12. Megis (Stirring or Mixing)

Stirring food in a pot helps it cook better and more evenly, and therefore one who stirs food that is not fully cooked on Shabbat transgresses a Torah prohibition. The act of stirring is known in rabbinic literature as megis. Even if the food is no longer on the fire, as long as it is not fully cooked and it is yad soledet bo, it is forbidden by Torah law to stir it. In light of this, the Sages forbade removing food from a pot that contains food that is not yet fully cooked, even after the pot is removed from the plata, because the resultant movement in the pot would constitute stirring. Only when the food has cooled down and is no longer yad soledet bo may one remove the food he wants.

However, once the food has finished cooking and is ready to be eaten, there is no longer a problem of Bishul, and one may remove whatever he wants from the pot (SA 318:18). This is the custom of many Sephardim. In any case, one should not stir the food while it is still on the fire, because this resembles cooking (Yalkut Yosef 318:43).

The custom of Ashkenazim and some Sephardim is to be more stringent. As long as the food is still on the plata, even if it is fully cooked, le-khatĥila they do not remove any food. Rather, first they remove the pot from the plata and only then remove what they want. If they wish to return the pot to the plata afterward, they must be careful to follow the principles for returning food to the plata (section 19 below).

In cases of necessity, even those who are usually stringent are lenient, and allow fully cooked food to be removed from a pot on the fire. For example, if a pot is resting on an uncovered fire, so that if it is removed from the fire it will be forbidden to replace it (see section 19), one may remove food from the pot while it is still on the fire. This is because technically once the food is fully cooked there is no longer a prohibition of megis (Ĥazon Ish 37:15; SSK 1:38). Everyone agrees that if a pot or metal urn is filled with boiling water before Shabbat and then left on the plata during Shabbat, one may remove water from it on Shabbat (SSK 1:39).[11]

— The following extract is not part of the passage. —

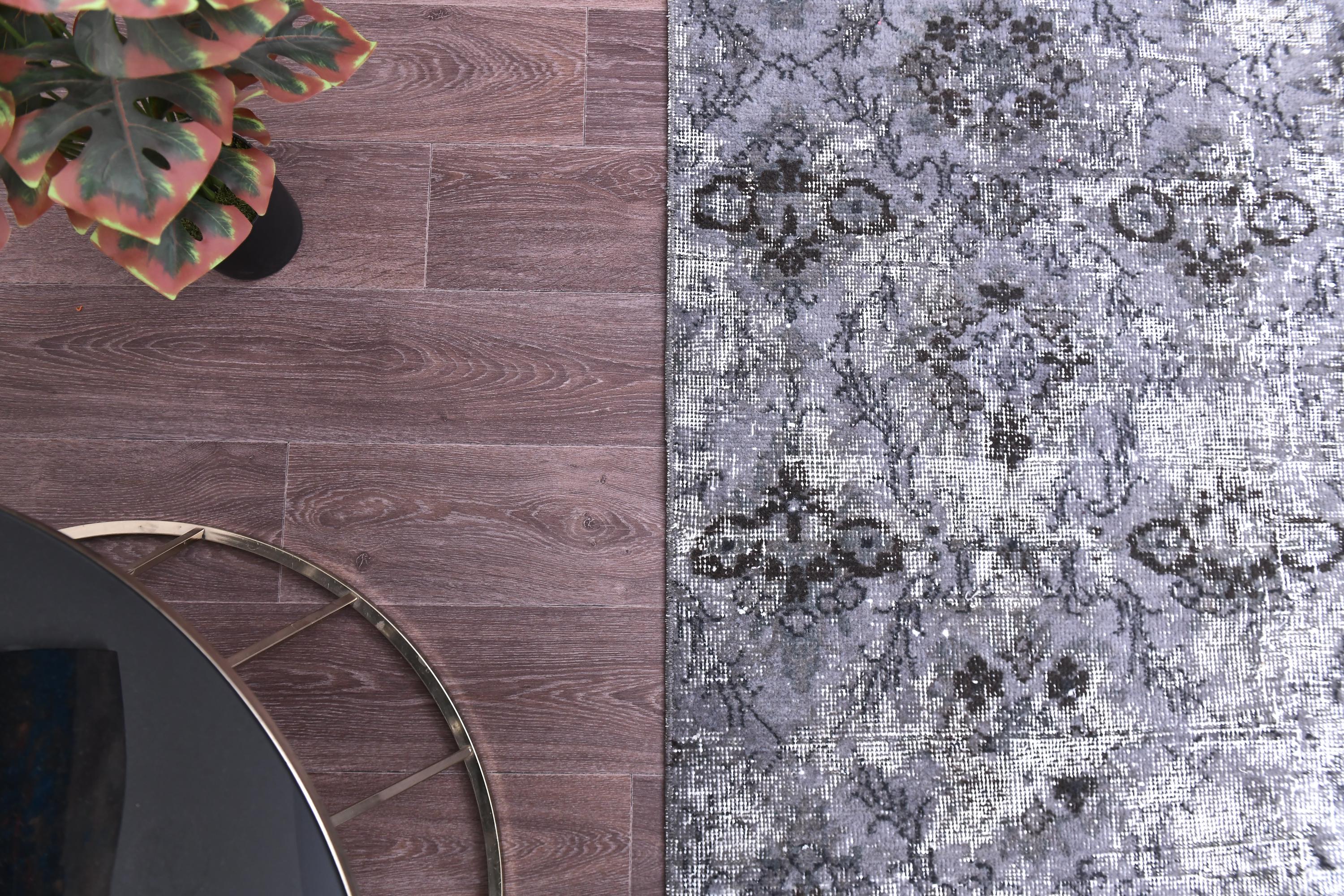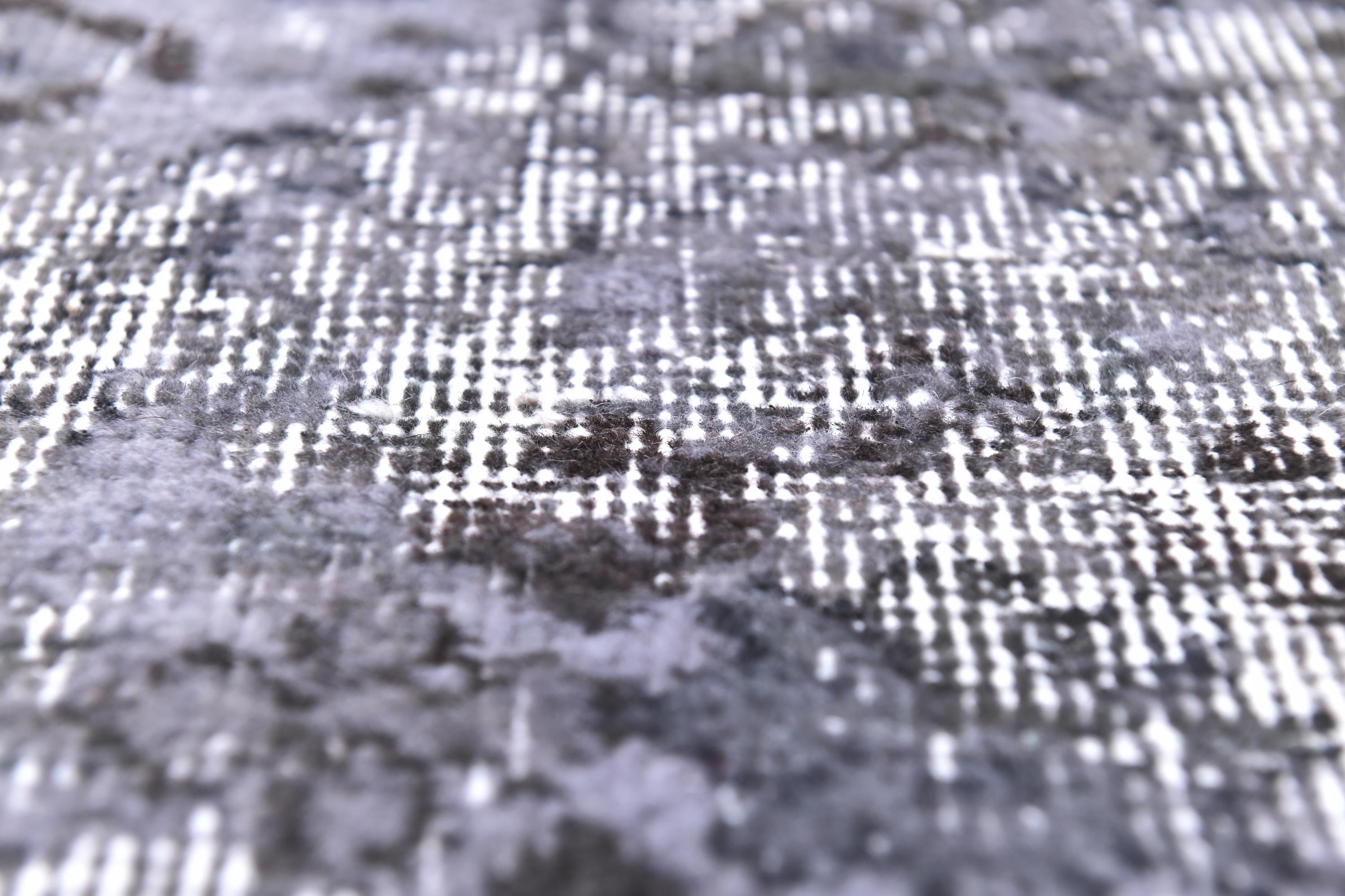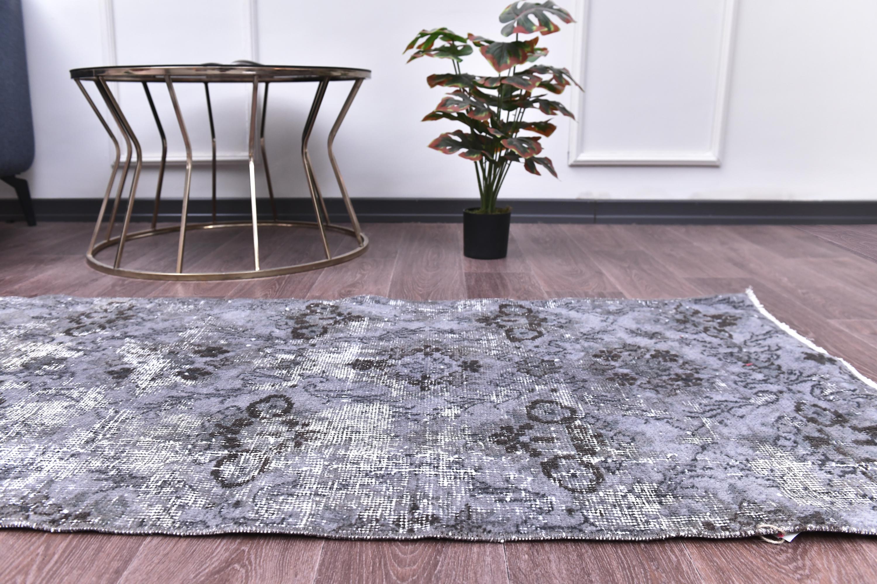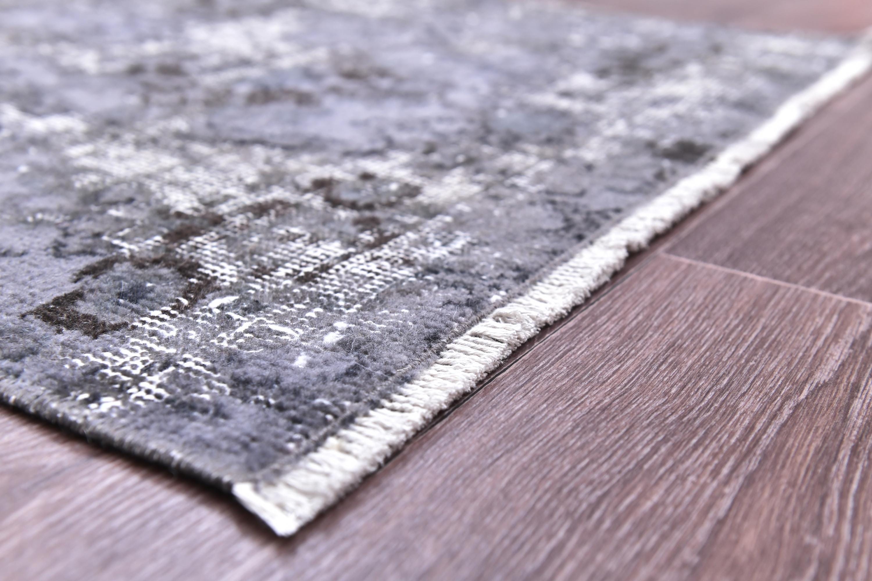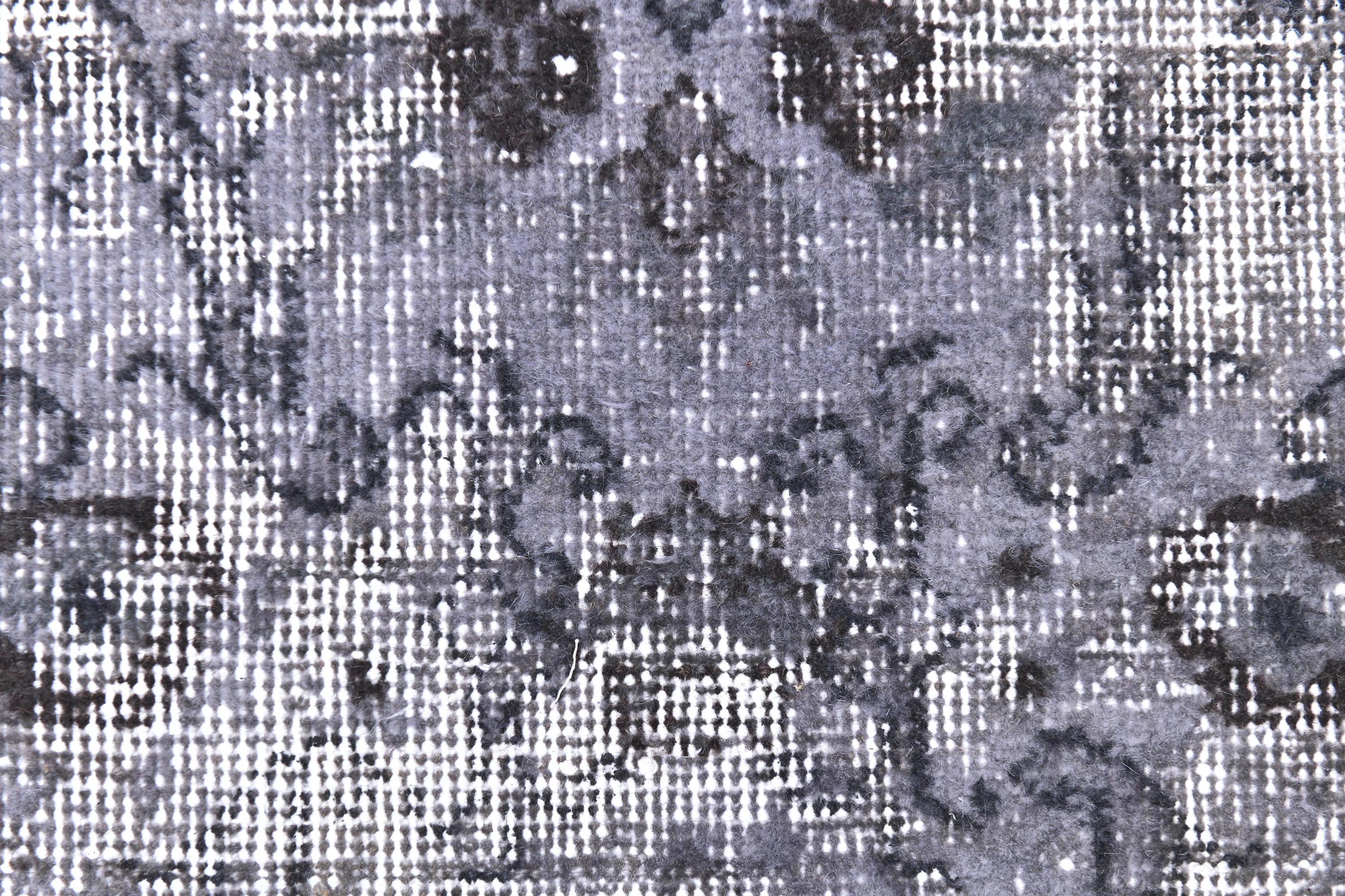 📜📌 A distressed vintage Turkish runner rug in dark charcoal and slate grey tones, featuring an abstract floral and vine pattern with a heavily worn, overdyed finish, displayed on hardwood flooring.

[11]. Those who are stringent defer to Kol Bo, which maintains that as long as the pot is resting on a heat source, whether flame or plata, stirring is forbidden by Torah law. Even though this position is problematic, and most poskim disagree with it, le-khatĥila we defer to it. This is the approach of Rav Pe’alim 3:45 and Or Le-Tziyon 2:30:15. (Perhaps they defer to this opinion because the activity of stirring resembles cooking.)